>>>

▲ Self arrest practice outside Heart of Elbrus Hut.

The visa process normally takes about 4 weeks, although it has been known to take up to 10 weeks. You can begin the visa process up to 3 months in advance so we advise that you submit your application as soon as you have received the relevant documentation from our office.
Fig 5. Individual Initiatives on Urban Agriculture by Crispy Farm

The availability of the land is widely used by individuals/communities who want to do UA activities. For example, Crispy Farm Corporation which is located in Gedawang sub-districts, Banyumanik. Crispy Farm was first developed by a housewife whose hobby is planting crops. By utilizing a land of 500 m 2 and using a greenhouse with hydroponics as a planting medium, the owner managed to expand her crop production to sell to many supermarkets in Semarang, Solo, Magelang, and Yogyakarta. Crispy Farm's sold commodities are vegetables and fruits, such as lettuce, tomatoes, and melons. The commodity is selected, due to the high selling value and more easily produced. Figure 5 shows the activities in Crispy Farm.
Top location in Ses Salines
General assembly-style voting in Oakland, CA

<<<
>>>

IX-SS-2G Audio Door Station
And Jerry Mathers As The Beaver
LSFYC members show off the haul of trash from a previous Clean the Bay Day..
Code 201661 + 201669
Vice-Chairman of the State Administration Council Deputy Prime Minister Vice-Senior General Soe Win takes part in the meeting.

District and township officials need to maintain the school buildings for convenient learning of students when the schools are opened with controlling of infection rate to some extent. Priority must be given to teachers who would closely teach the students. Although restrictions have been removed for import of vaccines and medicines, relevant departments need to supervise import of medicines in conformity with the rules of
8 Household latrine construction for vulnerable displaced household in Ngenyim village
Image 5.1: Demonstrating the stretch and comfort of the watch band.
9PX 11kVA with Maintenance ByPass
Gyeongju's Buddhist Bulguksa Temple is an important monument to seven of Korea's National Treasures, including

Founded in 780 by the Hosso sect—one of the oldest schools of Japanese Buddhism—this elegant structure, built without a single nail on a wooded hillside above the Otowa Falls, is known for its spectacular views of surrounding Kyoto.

<<<

About this exercise
Extract from the records above the lines from the one containing "of Elbrus Hut." to the one containing "Fig 5. Individual", both lines included, exactly as they appear and with nothing else.

Solved exercise
▲ Self arrest practice outside Heart of Elbrus Hut.

The visa process normally takes about 4 weeks, although it has been known to take up to 10 weeks. You can begin the visa process up to 3 months in advance so we advise that you submit your application as soon as you have received the relevant documentation from our office.
Fig 5. Individual Initiatives on Urban Agriculture by Crispy Farm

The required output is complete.